On Feeling Ancient
From the top of the hill, fifty square miles of sage flats. Watching the shadows of passing clouds rolling along the hillsides, over the mountains, the forests, and rivers. Fifty square miles of nothing except for an odd ranch or oil derrick, the sagebrush shining silver in the sunlight. To the west the Flattops are rising white against an impossible blue sky. Nothing on the air but a slight breeze and the rustle of aspen leaves, the gurgle of a distant creek.
What have I become, I wonder? Nearly everyday a flight from town into the mountains to read among the pine and aspen, to visit the river and to wade along the deep pools casting flies into the swirling darkness. I walk familiar old trails and visit special places where my history is written. I grew up in this canyon and it feels like home. In the past I always felt rushed, always felt like I had to keep moving. Today was always just a bump in the road before Tomorrow. Now I walk slowly as to observe this landscape with fresh eyes, not the arrogant eyes of youth. I feel both resigned and strangely whole, conflicted yet at peace… I feel ancient. It would be easy I think, to spend the rest of my days hiding here on the outskirts of the living, but time seems to have a way of healing our wounds, or at least numbing us to their pain. Our understanding of things evolves and grows. Life continues to be a work in progress.

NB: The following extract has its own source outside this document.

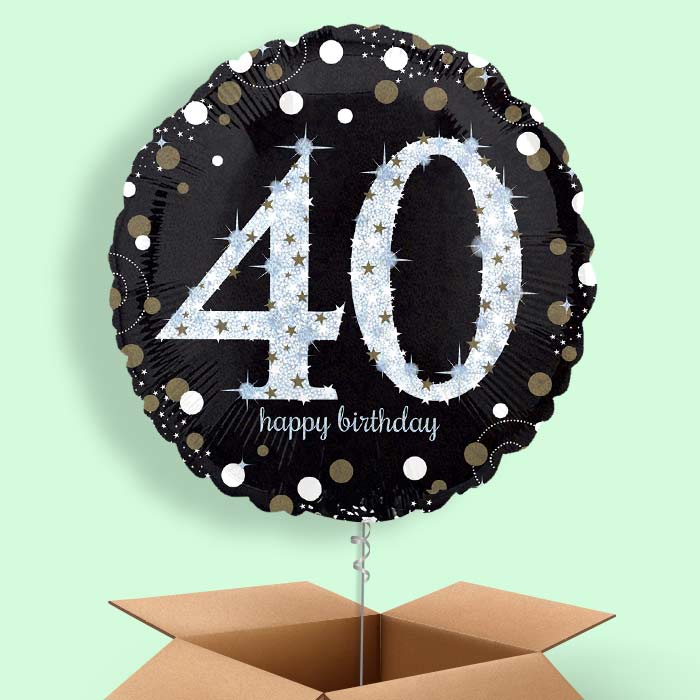 Black & Gold 40th Birthday Helium Balloon in a Box

Shortly before the Death Meditation, just as I was beginning to feel my body shudder, I waded across the river one September day to a big inviting rock in the middle of the current. I lay there naked on that warm smooth stone, as though I might gain some energy from it. I felt so tired, and after a while I fell asleep to the river’s soothing song, the sun’s warmth on my skin. I spent the next six months thinking about that moment and wishing I had never awoken from that sleep. I wished I had died there on that warm stone because I suspect death may be easy. Now I just want to melt into this landscape, claw my way deep into the raw earth, awake in the Spring with a newfound hunger and thirst.